Что стало заметно и чисто внешне: даже трупы умерших перестали убирать, а от них распространялись инфекционные заболевания. К счастью, выручил, как уже не раз бывало, старый, горький опыт крымского народа. В каждом квартале-малле нашлись самоотверженные уборщики и могильщики, которые спасали соотечественников от ещё более страшной беды: эпидемии, тотального мора. Для этого не требовалось никаких указаний, люди спасали себя и свои города. Как, к примеру, отец рассказывающей о той поре 96-летней Зинеп Аджибиляловой. Он был евпаторийским бостанджи (огородником), но в голод стал вывозить на своей арбе покойников со всего квартала Джаны-малле. Вот что вспоминает Зинеп-ханум: «На нашу лошадь грузили по 10—12 покойников и вывозили закапывать в общие ямы. Ещё находились мусульмане, которые эти ямы копали. Потом и ямы копать стало некому. Но мои отец и муж продолжали вывозить покойников каждый день. Как-то я спросила: «А куда вы их вывозите, ведь ямы копать некому?» Тогда мой муж, будто раскрыл мне великую тайну и рассказал, что нашёл караимский склеп, в котором несколько лет тому назад похоронили молодую богатую караимку. В этот склеп вели 25 лестничных ступенек, а закрывался он большими железными дверями. Он открывал эту дверь и скидывал туда трупы. Через некоторое время у нас украли лошадь, осталась одна телега. Что делать? Жара, за один день труп уже вздувался. Наш сосед Абибулла... предложил самим впрягаться в телегу и вывозить покойников... И так продолжалось каждый день» (цит. по: Ибрагимова, 1999).

А власти не только не помогали людям, но и усиливали давление сверху, как будто мало было уже начавшейся катастрофы.
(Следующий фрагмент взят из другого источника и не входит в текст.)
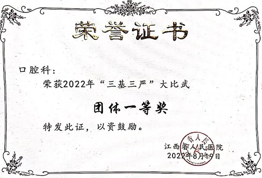 在江西省人民医院(南昌大学第一附属医院)举办的2022年度三基三严大比武中,我院荣获团体一等奖。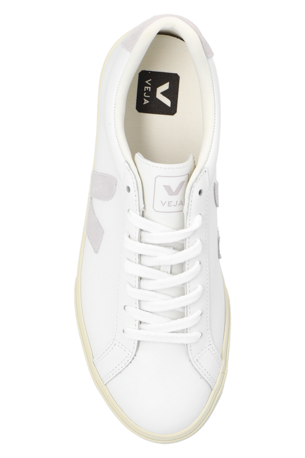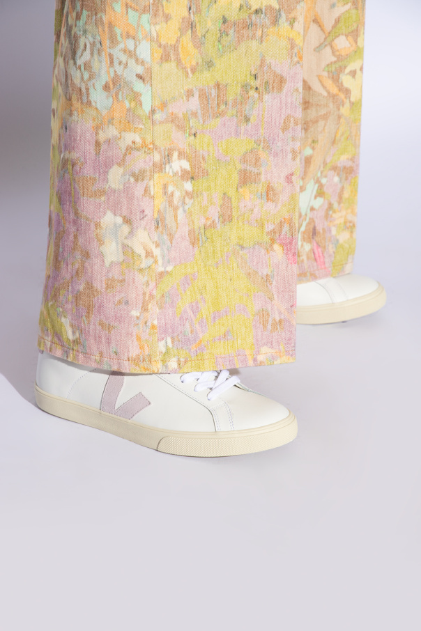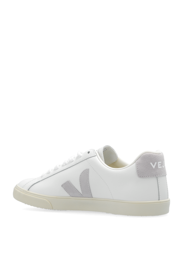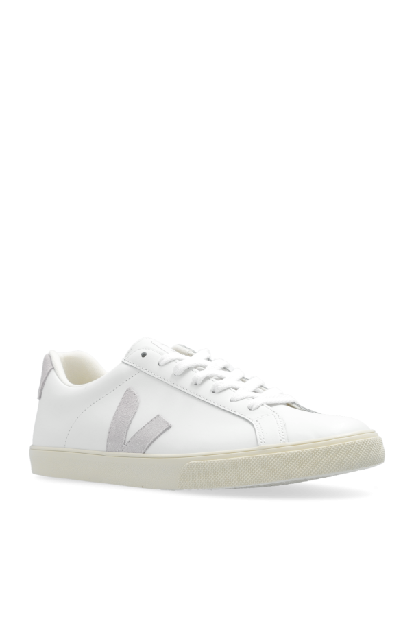 White ‘Esplar Logo Leather’ sneakers from Veja. Made of chrome-free leather, this pair features organic cotton shoelaces, logo patch and heel counter in light purple and recycled fabric lining. The insole is made from Amazonian rubber, sugar cane, recycled EVA and organic cotton. The cream sole is crafted from Amazonian rubber, recycled rubber, silica mineral and synthetic rubber. The bovine leather comes from farms in Uruguay, a country known for its culture of animal husbandry and the quality of its leather. It is tanned in Brazil, respecting the REACH norms. Crafted from soft and lightweight chrome-free bovine leather that comes from farms located in the south of Brazil (Rio Grande do Sul), it undergoes an innovative innovative tanning process where no chrome, heavy metals or dangerous acids are involved. By simplifying the tanning process, the use of chemicals and energy is limited, the use of water is reduced by about 40% and the use of salt by 80%. After tanning, the water is recyclable.

Семена стали изымать так, как нигде — подчистую, в порядке всё той же смертоубийственной «крымской инициативы». Но ещё через год стало ясно, что в жертву будет принесён не один Крым: инициативу подхватила Москва. Постановлением СНК СССР № 870 от 19.10.1931 г. во всех колхозах страны фактически закрывалась возможность накопления как кормового, так и семенного фондов. То есть их не запрещалось создавать, но лишь после того, как полностью заканчивалась сдача обязательных поставок государству. Другими словами, когда весь хлеб будет вывезен из деревни и положен под замок районной базы Заготзерна.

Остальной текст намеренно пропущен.